The starting point for the deliberations of the Federal Court of Justice is the case law of the Federal Constitutional Court (Bundesverfassungsgericht). According to this case law, in case of a squeeze-out, the minority stockholder must be compensated in full for the loss of its member status and the detrimental effect on its proprietary status by economic means, whereas the compensation shall reflect the “real” and “true” value of the property embodied in the stock (cp. Federal Constitutional Court 100, 289, 306).
Within this context, the question arises whether, due to their guaranteed dividend, the value of the holdings of the minority shareholders is limited to the earnings related to them in form of the compensation payments under the profit and loss transfer agreement and, thus, whether these truly reflect the “full, real” value targeted in the evaluation or whether the minority shareholding can have a value beyond that which can only truly be mapped in the proportionate corporate value.
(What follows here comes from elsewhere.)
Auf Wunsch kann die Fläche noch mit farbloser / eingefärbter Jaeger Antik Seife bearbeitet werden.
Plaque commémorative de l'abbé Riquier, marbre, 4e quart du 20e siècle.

The Federal Court of Justice has answered this question to the extent that at least the proportionate corporate value needs to be drawn on in addition. The proportion in the corporate value falling to the share held by the minority stockholder is relevant for the appropriateness of the cash settlement in case of a squeeze-out of minority stockholders pursuant to Sections 327a, b German Stock Corporation Act (Aktiengesetz, AktG) if this proportion exceeds the cash value of the compensation payments the minority stockholder is entitled to due to the profit and loss transfer agreement. In other words, the value of the shares held by the minority shareholders calculated on the basis of the recurring cash compensation under the profit and loss transfer agreement serves as lower limit to the cash settlement payable to the shareholders under a squeeze-out.
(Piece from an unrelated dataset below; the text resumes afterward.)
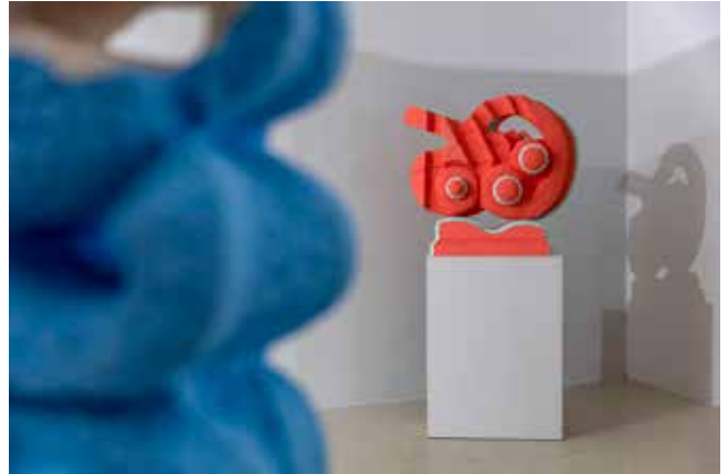
A Merkúr pereme

A kereskedők, utazók patrónusaként ismert görög-római istenhez kapcsolódik minden olyan tevékenység, amelyhez leleményesség, ötletesség, jó rábeszélőkészség kell. Apollón lantját is Hermész készítette: egy teknősbéka üres páncéljába feszítette a pendíthető húrokat. Mitológiai történetéből a későbbi századok is sokat merítettek, számos kereskedelmi cég és termék, krea-

As a holding in a company also comprises, besides the prospect of a dividend, a share in the available assets the stockholder has a claim to in case of dissolution and liquidation, a cash settlement calculated by means of the compensation payments under the profit and loss transfer agreement may not cover the full, “true” value of the holding. According to the Federal Court of Justice this is the case if the corporate value has increased since the effective date the appropriate compensation payments under the profit and loss transfer agreement have been calculated for. The reason given is that, due to the stockholder’s decision to keep the stocks despite the profit and loss transfer agreement and not to leave the company against compensation to be paid under Section 305 AktG, the holding in the company has not changed to the effect that its value is only determined by the compensation payments and the stockholder no longer has a share in the corporate value beyond that.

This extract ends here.